# [What to work on]
In the records below, reproduce exactly the lines from the one containing "Game-Ready PBR(Metal-Rough)AR15. Textures" through the one containing "이 곳에서 병역 일터로", both included, and omit the pictures.

The data START

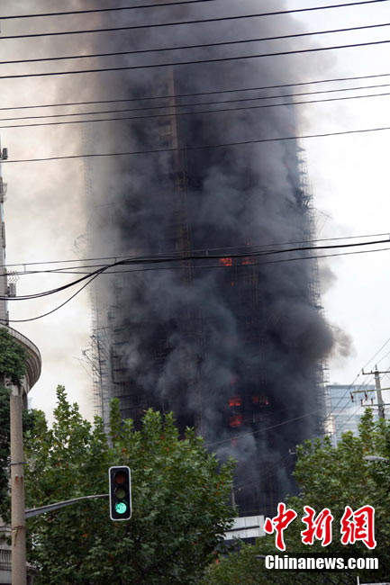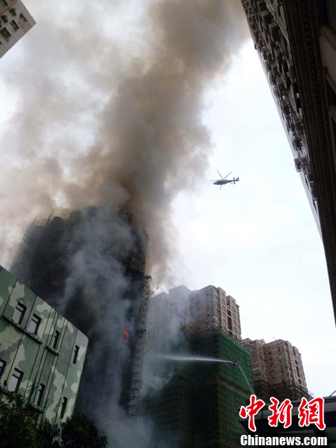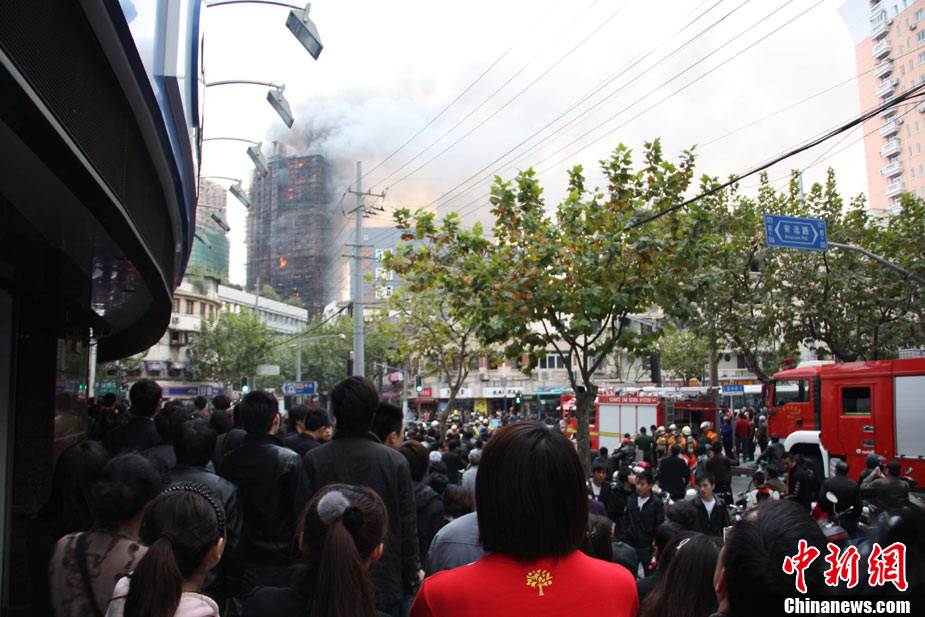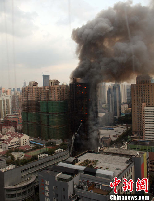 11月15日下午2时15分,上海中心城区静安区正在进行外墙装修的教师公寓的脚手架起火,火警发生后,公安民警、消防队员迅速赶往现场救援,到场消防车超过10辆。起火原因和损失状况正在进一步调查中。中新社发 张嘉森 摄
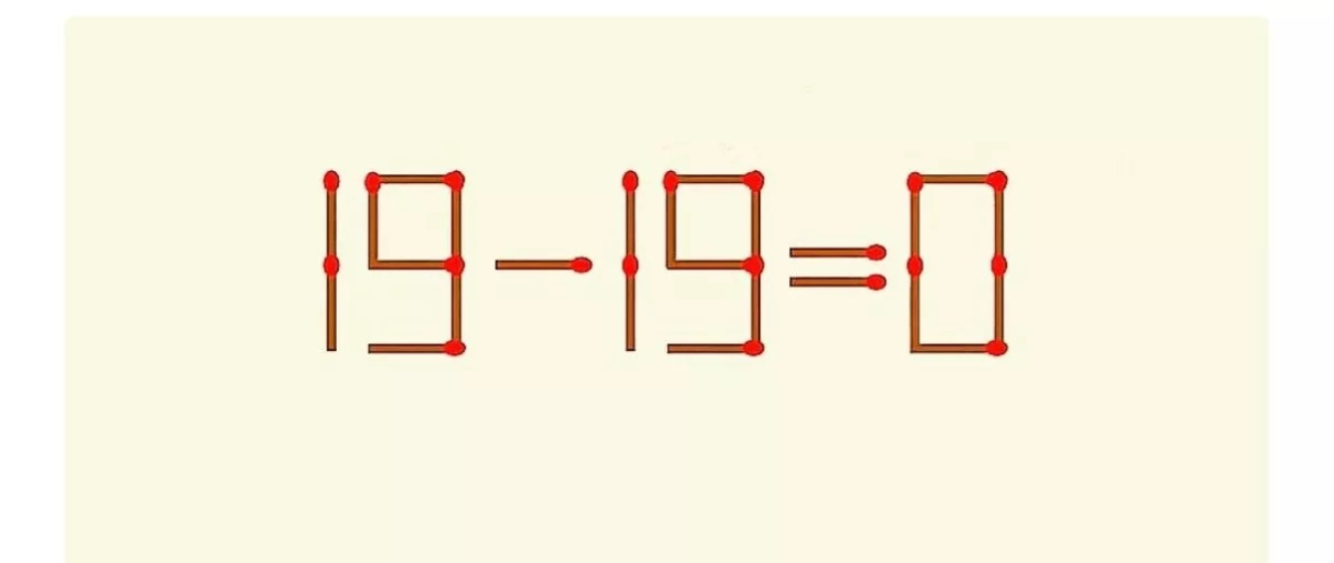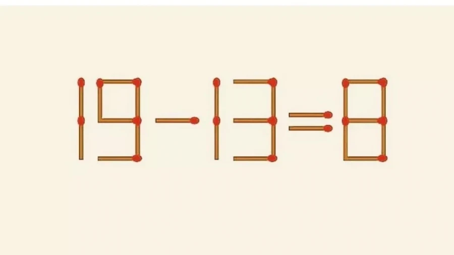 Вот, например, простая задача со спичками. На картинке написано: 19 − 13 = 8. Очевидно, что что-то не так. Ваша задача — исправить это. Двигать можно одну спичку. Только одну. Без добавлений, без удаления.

The data END
The data START

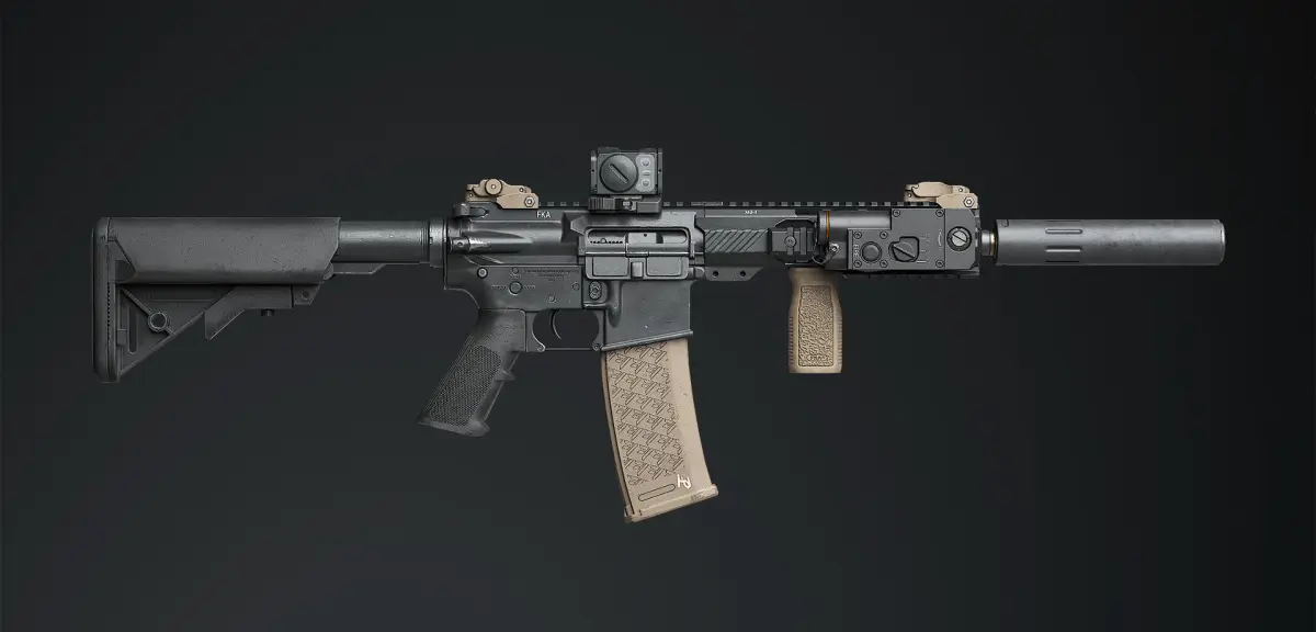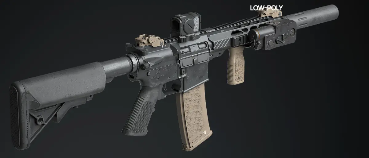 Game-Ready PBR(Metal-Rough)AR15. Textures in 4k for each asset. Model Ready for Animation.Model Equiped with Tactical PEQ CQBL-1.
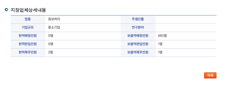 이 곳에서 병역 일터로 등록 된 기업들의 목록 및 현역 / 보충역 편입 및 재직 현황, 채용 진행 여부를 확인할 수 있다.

The data END

# [Written answer]
 Game-Ready PBR(Metal-Rough)AR15. Textures in 4k for each asset. Model Ready for Animation.Model Equiped with Tactical PEQ CQBL-1.
 이 곳에서 병역 일터로 등록 된 기업들의 목록 및 현역 / 보충역 편입 및 재직 현황, 채용 진행 여부를 확인할 수 있다.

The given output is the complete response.